Bug 472692 - Tesseract OCR does not take language selection into account
Summary: Tesseract OCR does not take language selection into account
Status: RESOLVED FIXED
Alias: None
Product: digikam
Classification: Applications
Component: Plugin-Generic-OcrTextConverter (show other bugs)
Version: 8.2.0
Platform: Microsoft Windows Microsoft Windows
: NOR normal
Target Milestone: ---
Assignee: Digikam Developers
URL:
Keywords:
Depends on:
Blocks:
 
Reported: 2023-07-27 08:40 UTC by claus.peja+kde
Modified: 2023-07-29 17:45 UTC (History)
1 user (show)

See Also:
Latest Commit:
Version Fixed In: 8.2.0
Sentry Crash Report:


Attachments
One of the files I want to extract text from. (627.33 KB, image/jpeg)
2023-07-27 08:40 UTC, claus.peja+kde
Details

Note You need to log in before you can comment on or make changes to this bug.
Description claus.peja+kde 2023-07-27 08:40:56 UTC
Created attachment 160560 [details]
One of the files I want to extract text from.

SUMMARY
I use Tesseract OCR with digiKam 8.2.0 (20.07.2023) on Windows 10 Pro. I try to get the text from a jpg. If I select 'Languages: Default', I get a result, but German umlauts, ä, ü, and ö, are scanned incorrectly as a o u, and, yes, that's a difference in German ;-) .
But when I select 'Languages: deu', I get no result. No test is found at all. But also selecting e.g. eng gives no result.
However, when I use Tesseract (v5.3.1.20230401) directly on the command line with switch -l deu, it works.
Tesseract command that works: tesseract /dir/pic1.jpg /text/pic1.ocr-result -l deu
I attach one of the pictures I use. I marked the last sentence and the umlauts in it.

STEPS TO REPRODUCE
1. Open the image attached in the 'OCR text converter...'
2. Select 'Languages: Default'. What you select for 'Segmentation mode' and 'Engine mode' makes no difference. DPI=72
3. Start OCR
4. Now you get the result without umlauts (ö ü)
5. Close OCR
6. Open the same image again in 'OCR text converter...'
7. Select 'Languages: deu'. What you select for 'Segmentation mode' and 'Engine mode' makes no difference. DPI=72
8. Start OCR
9. Now you get no result

OBSERVED RESULT
With default, the sentence is scanned as: Die Giebel und Traufen konnen durch Wind- bzw. Traufen- oder Tropf-bretter geschutzt werden.

EXPECTED RESULT
The correct sentence is: Die Giebel und Traufen können durch Wind- bzw. Traufen- oder Tropf-bretter geschützt werden.

SOFTWARE/OS VERSIONS
Windows 10, 22H2

ADDITIONAL INFORMATION
Comment 1 Maik Qualmann 2023-07-27 10:39:17 UTC
I tested it here under Linux, the Windows test will follow. If I select German as the language, I get a correct text with German umlauts.

Maik
Comment 2 Maik Qualmann 2023-07-27 18:50:14 UTC
Git commit 5918439aafb5b2f7387490cb2abc9178fe33f374 by Maik Qualmann.
Committed on 27/07/2023 at 20:49.
Pushed by mqualmann into branch 'master'.
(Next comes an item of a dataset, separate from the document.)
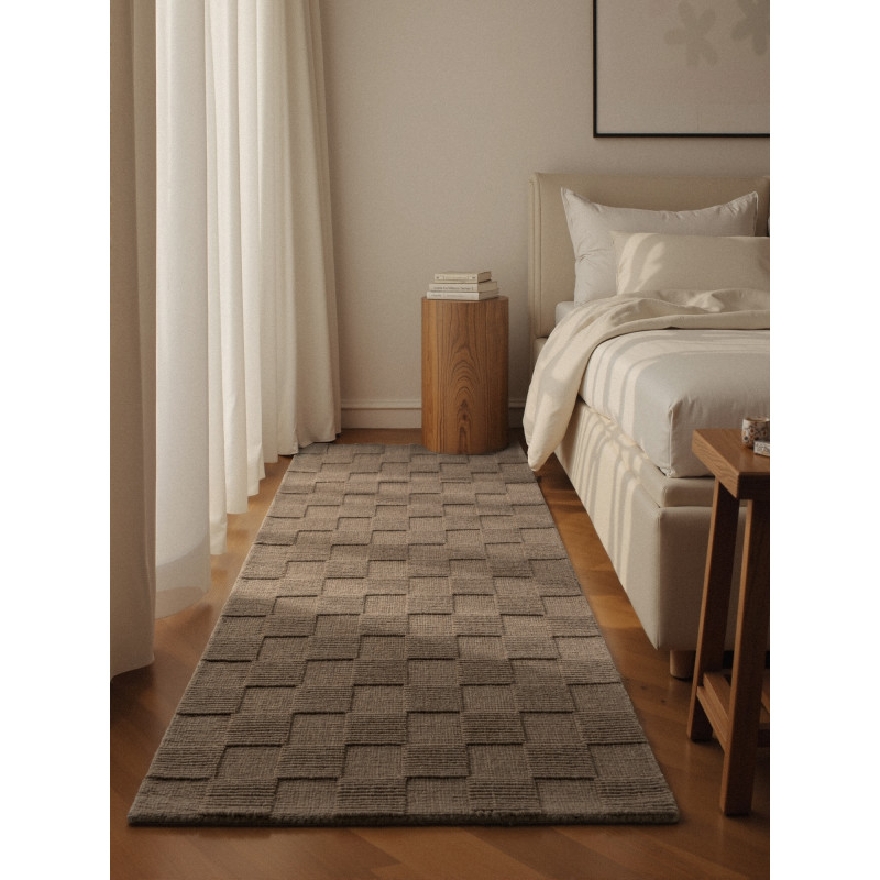 Tmavo béžový až hnedý behúň sa vyznačuje plastickým štvorcovým motívom, ktorý vytvára pôsobivý 3D efekt a opticky pripomína šachovnicu. Kombinácia prírodných tónov dodá interiéru teplý a útulný charakter, zatiaľ čo ručne tkaná vlna zaisťuje vysokú odolnosť aj dlhú životnosť. Povrch je príjemný na dotyk a vďaka svojim vlastnostiam tiež tlmí hluk a...

fix language parameter for Tesseract OCR on Windows

M  +11   -0    core/dplugins/generic/tools/ocrtextconverter/tesseractbinary.cpp

https://invent.kde.org/graphics/digikam/-/commit/5918439aafb5b2f7387490cb2abc9178fe33f374
Comment 3 Maik Qualmann 2023-07-27 21:08:47 UTC
Ok, we're a big step further, the language setting works, we get a text with German umlauts, but in the Windows codepage format and not UTF8. This is correct when we view the text file in the Windows text editor, but not in our preview.
The question now is, do we want codepage or UTF8 on Windows?

Maik
Comment 4 Maik Qualmann 2023-07-28 06:09:47 UTC
Git commit cc42ef72e33356f66ec132e96cbb684d3c8d28bc by Maik Qualmann.
Committed on 28/07/2023 at 08:08.
Pushed by mqualmann into branch 'master'.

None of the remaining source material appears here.